Our operations are subject to extensive and periodically changing federal and state environmental regulations governing air emissions, wastewater discharges and solid and hazardous waste management activities. Many of these regulations are becoming increasingly stringent, and we can expect the cost of compliance to increase over time. Our policy is to accrue environmental and clean-up related costs of a non-capital nature when it is probable that a liability exists and when we can reasonably estimate the amount. We may revise such estimates in the future as regulations and other conditions change.

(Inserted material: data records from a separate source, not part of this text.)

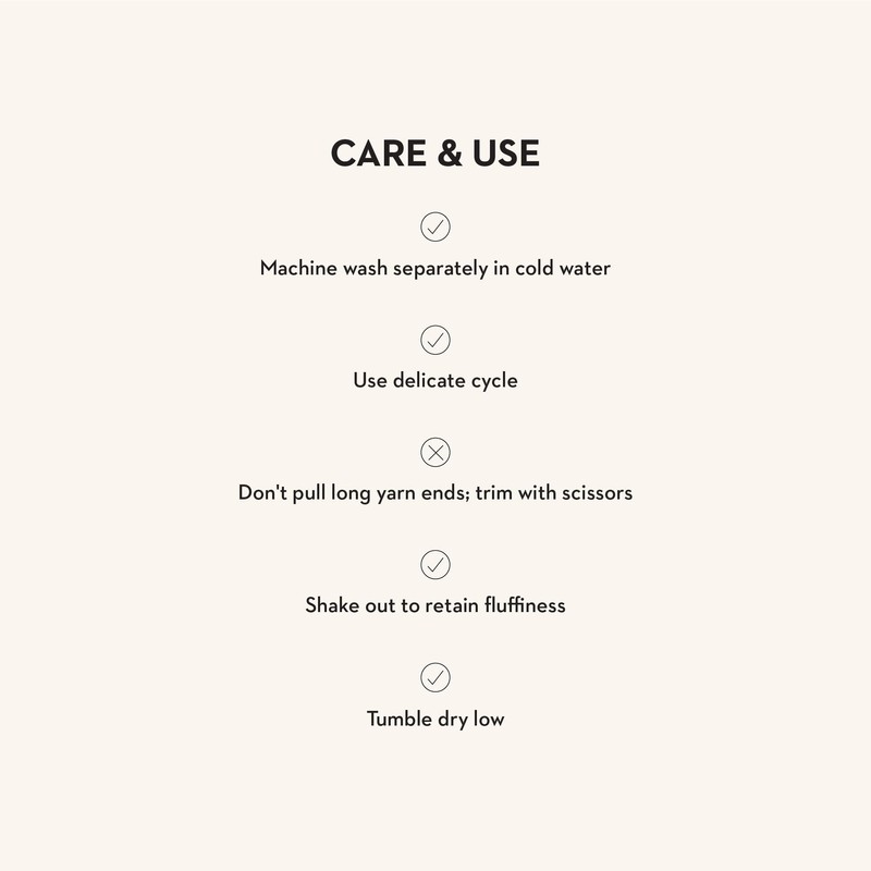 Care instructions: Machine wash cold on a gentle cycle. Tumble dry low. Shake out to retain fluffiness. Don’t pull long yarn ends; trim with scissors. Use only non-chlorine bleach when needed. Pieces may vary due to the handmade nature of each product. Imported.
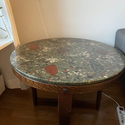 Farge grønn. Topplate er av tre ( ca 2 cm) .
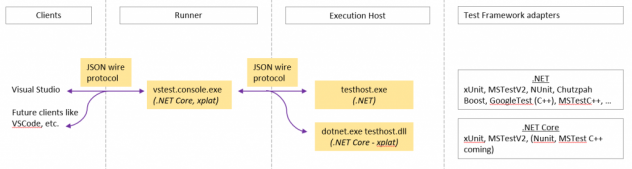 VS Test est une plateforme extensible qui lance des tests, collecte les données de diagnostic et génère des rapports. Elle supporte les tests en provenances de nombreux framexorks de test grâce à un modèle d'adaptateur pluggable. Les adaptateurs communiquant avec la plate-forme VS Test au moyen d'une API exposée par celle-ci.
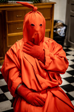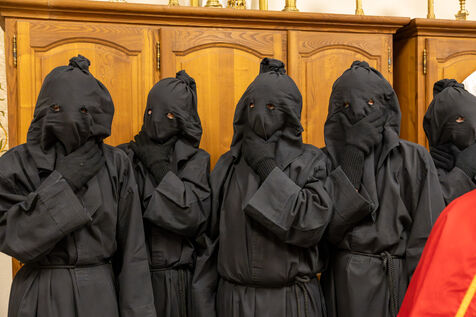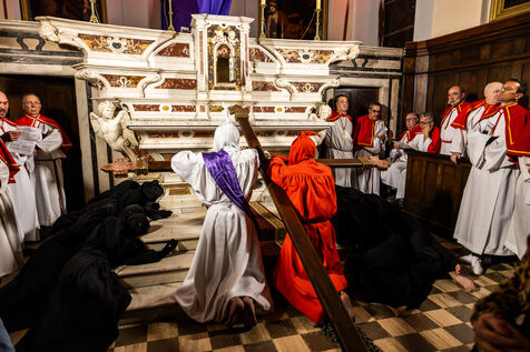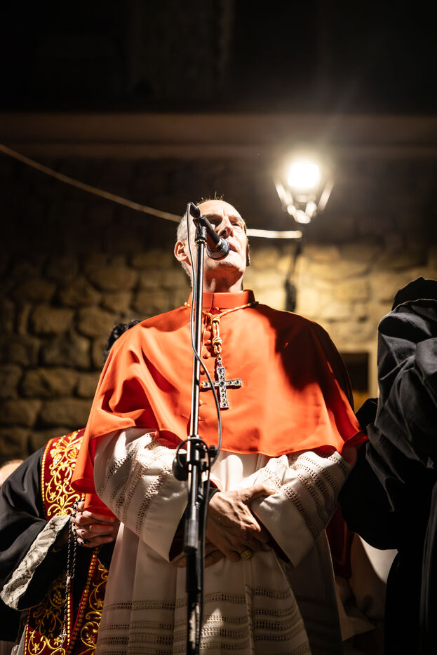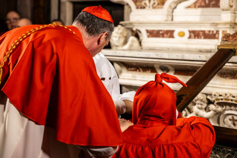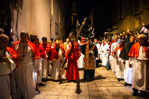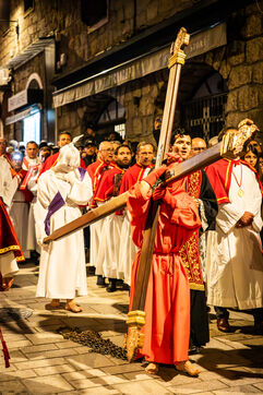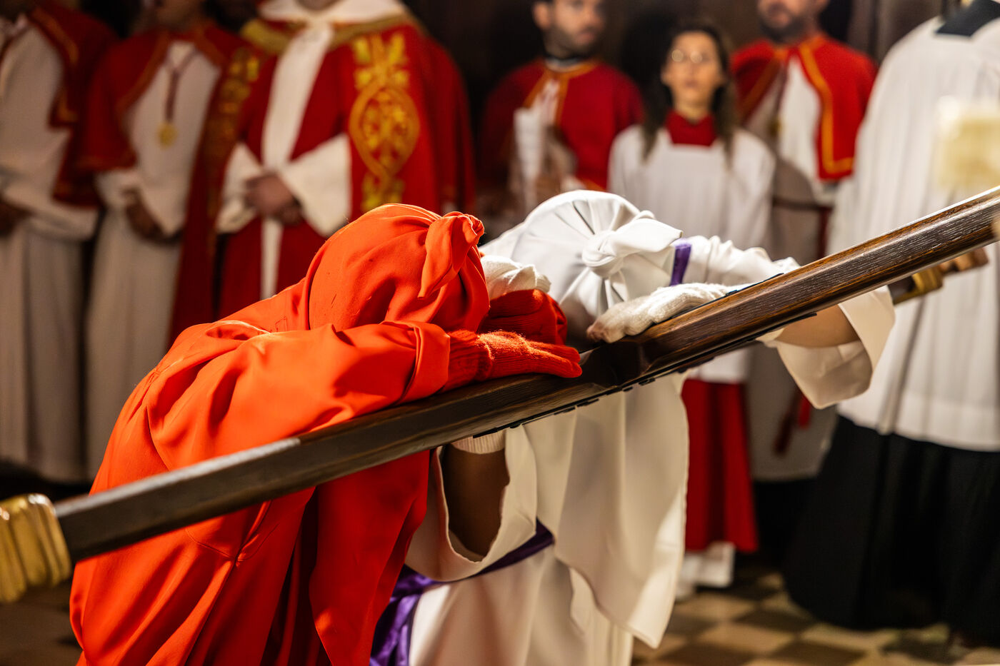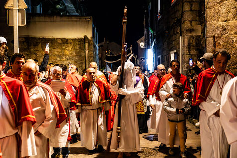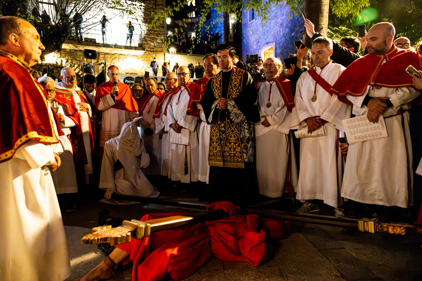The anonymous red penitent carries the cross and chains. He falls, rises again, supported by the white penitent. Together, they embody the weight of guilt, the effort of redemption, and silent faith. Beside them, the brothers in red capes form a dense procession, paced by chants, silence, and the gravity in their eyes.

We may receive communications from various federal, state and local governmental authorities asserting violations of environmental laws and/or regulations. These governmental entities may also propose or assess fines or require corrective action for such asserted violations. We intend to respond in a timely manner to all such communications and to take appropriate corrective action.

We are not currently aware of any environmental or other asserted or unasserted claims against us that would be expected to have a material effect on our financial condition, results of operations or cash flows.


11. Concentration of Risk

Significant Customers

We sell a variety of refined products to a diverse customer base. Sales to Kroger Company accounted for 12.1%, 19.5%, 19.3% and 18.7% of consolidated net sales for the nine months ended September 30, 2014 and 2013 and the years ended December 31, 2013 and 2012, respectively. Sales to Western’s retail group accounted for 17.5%, 17.4%, 17.2% and 17.0% of consolidated net sales for the nine months ended September 30, 2014 and 2013 and the years ended December 31, 2013 and 2012, respectively. Sales of finished product to Western’s retail segment were historically at no margin.

 

12. Leases and Other Commitments

We have commitments under various operating leases with initial terms greater than one year for buildings, warehouses, unmanned fleet fueling locations, railcars and other facilities. These leases have terms that will expire on various dates through 2036.

We expect that in the normal course of business, these leases will be renewed or replaced by other leases. Certain of our lease agreements provide for the fair value purchase of the leased asset at the end of the lease. Rent expense for operating leases that provide for periodic rent escalations or rent holidays over the term of the lease is recognized on a straight-line basis.

The following table presents our annual minimum rental payments under non-cancelable operating leases that have lease terms of one year or more (in thousands) as of December 31, 2013:

 

2014

$             7,615   

2015

  6,514   

2016

  5,121   

2017

  3,211   

2018

  1,063   

2019 and thereafter

  4,282   
  

 

 

 
$ 27,806   
  

 

 

 

Total rental expense was $6.6 million, $5.3 million, $7.3 million and $7.2 million for the nine months ended September 30, 2014 and 2013 and for the years ended December 31, 2013 and 2012, respectively. Contingent rentals and subleases were not significant in any year.

 

13. Subsequent Events (Unaudited)

On October 15, 2014 (the “Closing Date”), Western Refining Logistics, LP (“WNRL”) purchased all of the outstanding limited liability company interests of Western Refining Wholesale, LLC (“WRW”) from the Wholesale Segment, in exchange for total consideration of $360 million. Consideration paid to the Wholesale Segment included $320 million of cash and the issuance of 1,160,092 common units representing limited partner interests in WNRL. WNRL funded the cash consideration through $269 million in new borrowings under the Revolving Credit Facility and $51 million from cash on hand. Subsequent to the Closing Date, WNRL had $31 million available under its Revolving Credit Facility.

At the Closing Date, WNRL purchased substantially all of the Wholesale Segment’s southwest wholesale assets including assets and related inventories of WRW’s lubricant distribution, southwest bulk petroleum fuels distribution and products transportation. The purchased assets were recorded at the Wholesale Segment’s historical book value as the purchase of WRW’s assets was treated as a reorganization of entities under common control as required for accounting purposes.